May 2, 2025Updated 10:20 a.m. ET

A solid labor market has for months given the Federal Reserve comfort that it could hold off on interest rate cuts until it had more clarity about how President Trump’s policies would impact the economy. New data released on Friday reinforced that patient approach.

Officials at the central bank are widely expected to keep interest rates steady when they announce their next decision on May 7. After lowering interest rates by a percentage point last year, the Fed has since January opted against making additional reductions. That has left interest rates at a range of 4.25 percent to 4.5 percent.

Until this point, officials have felt little urgency to lower interest rates because the economy so far has stayed on solid footing. Mr. Trump’s attempts to reset global trade relations through steep tariffs now risk upending that.

Despite the president’s decision in April to temporarily pause more stringent levies from taking effect on nearly all of the country’s trading partners, businesses have struggled to navigate the uncertainty. Many have shelved big investments and slowed hiring, and some are already raising prices. Surveys suggest that consumers also have turned much more downbeat about the outlook, fueling concern that this pessimism will eventually translate to less spending.

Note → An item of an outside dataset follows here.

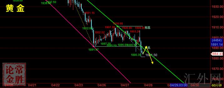 黄金分析:4小时图中,回弹触碰中轨持续下探,卖方趋势已成定局,任何的回弹均为给进场空的好机会,跟上节奏,盈利就变的简单,美盘行情大,顺势吃肉,俄乌当前正在协商,回撤是必然,上方防守可以设在1910左右,MACD柱4小时图中处在0轴以下,均线全部朝下发散,美元再次创下逾两年高峰,卖方趋势量能很足,以下计划看1850,这周内到达,拿好手中的空单,耐心等候利润增大!
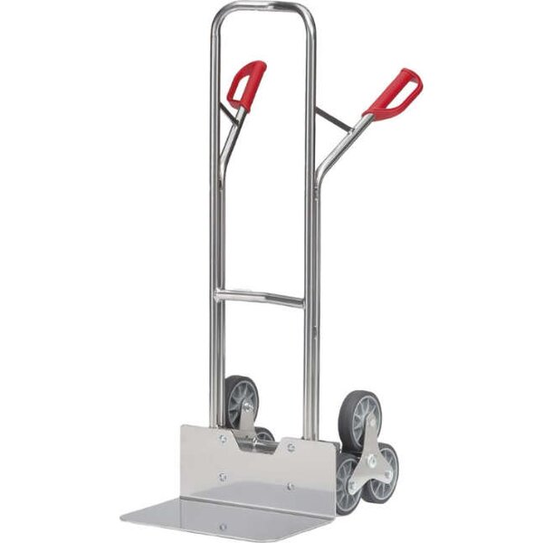 -Aluminium-Treppenkarren Durch die gebogenen Anlagebügel lassen sich runde Güter wie Rollen, Kannen, Eimer etc. mit den Treppenkarren sicher transportieren. Hohe, kastenförmige Güter lassen sich komfortabel in Fahrstellung kippen, da wegen des durchgebogenen oberen Anlagebügels Platz zum Eingreifen zwischen Bügel und Transportgut bleibt.

The fear is that consumers will cut back so aggressively that businesses will be forced to lay off workers, worsening the economic slowdown. Jerome H. Powell, the chair of the central bank, has warned that in addition to denting growth, tariffs of the nature Mr. Trump is pursuing also risk stoking inflation.

That combination risks putting the Fed in a bind and further in the cross hairs of Mr. Trump. The president has in recent weeks stepped up his attacks on Mr. Powell, railing on the Fed chair to lower interest rates. On Friday, he again renewed that pressures, writing in a social media post: “NO INFLATION, THE FED SHOULD LOWER ITS RATE!!!”